---- INPUT DATA
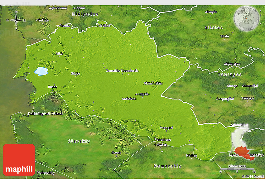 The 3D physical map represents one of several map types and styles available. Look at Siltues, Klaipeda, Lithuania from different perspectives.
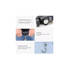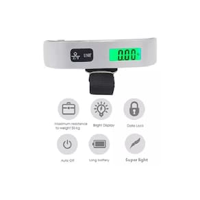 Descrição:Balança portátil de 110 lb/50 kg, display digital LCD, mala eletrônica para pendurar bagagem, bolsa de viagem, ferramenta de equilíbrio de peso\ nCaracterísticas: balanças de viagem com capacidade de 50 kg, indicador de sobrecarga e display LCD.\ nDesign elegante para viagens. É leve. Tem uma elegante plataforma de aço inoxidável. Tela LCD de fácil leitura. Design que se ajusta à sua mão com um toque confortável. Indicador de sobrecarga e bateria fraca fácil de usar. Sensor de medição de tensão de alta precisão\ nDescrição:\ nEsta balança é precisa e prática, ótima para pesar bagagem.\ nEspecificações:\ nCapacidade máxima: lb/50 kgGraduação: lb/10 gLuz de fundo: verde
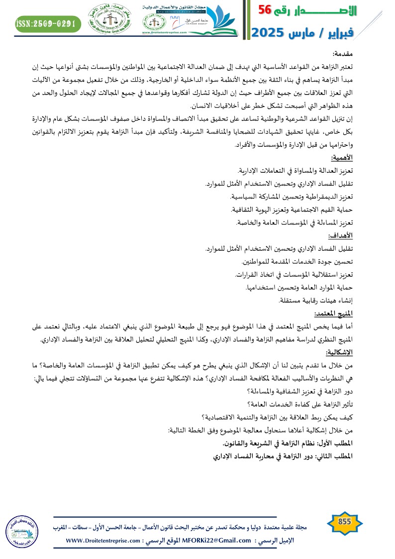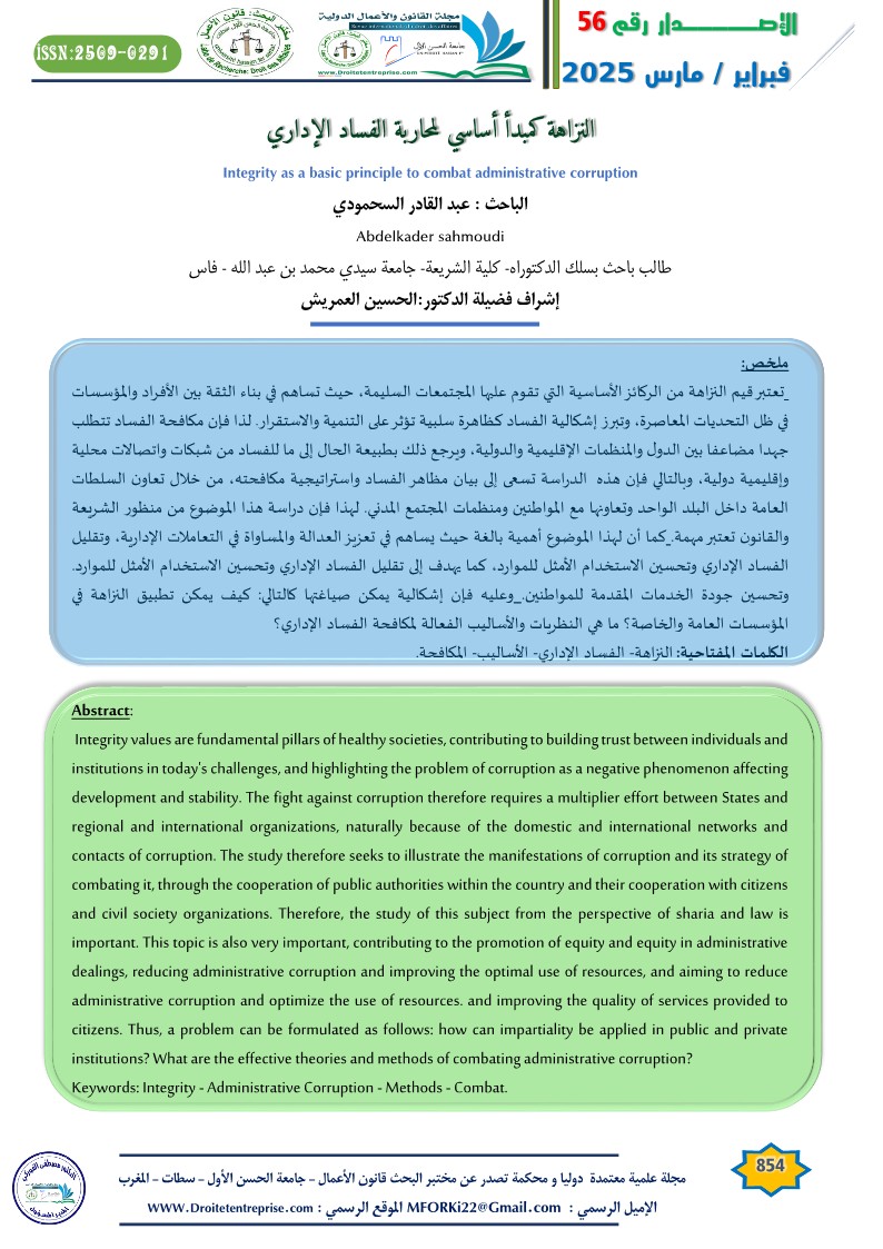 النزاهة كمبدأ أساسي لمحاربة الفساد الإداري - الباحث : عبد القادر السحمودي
--------
PROBLEM:
Set aside the pictures. Then return every line of the material above verbatim.

RESULT OF THIS EXERCISE:
 The 3D physical map represents one of several map types and styles available. Look at Siltues, Klaipeda, Lithuania from different perspectives.
 Descrição:Balança portátil de 110 lb/50 kg, display digital LCD, mala eletrônica para pendurar bagagem, bolsa de viagem, ferramenta de equilíbrio de peso\ nCaracterísticas: balanças de viagem com capacidade de 50 kg, indicador de sobrecarga e display LCD.\ nDesign elegante para viagens. É leve. Tem uma elegante plataforma de aço inoxidável. Tela LCD de fácil leitura. Design que se ajusta à sua mão com um toque confortável. Indicador de sobrecarga e bateria fraca fácil de usar. Sensor de medição de tensão de alta precisão\ nDescrição:\ nEsta balança é precisa e prática, ótima para pesar bagagem.\ nEspecificações:\ nCapacidade máxima: lb/50 kgGraduação: lb/10 gLuz de fundo: verde
 النزاهة كمبدأ أساسي لمحاربة الفساد الإداري - الباحث : عبد القادر السحمودي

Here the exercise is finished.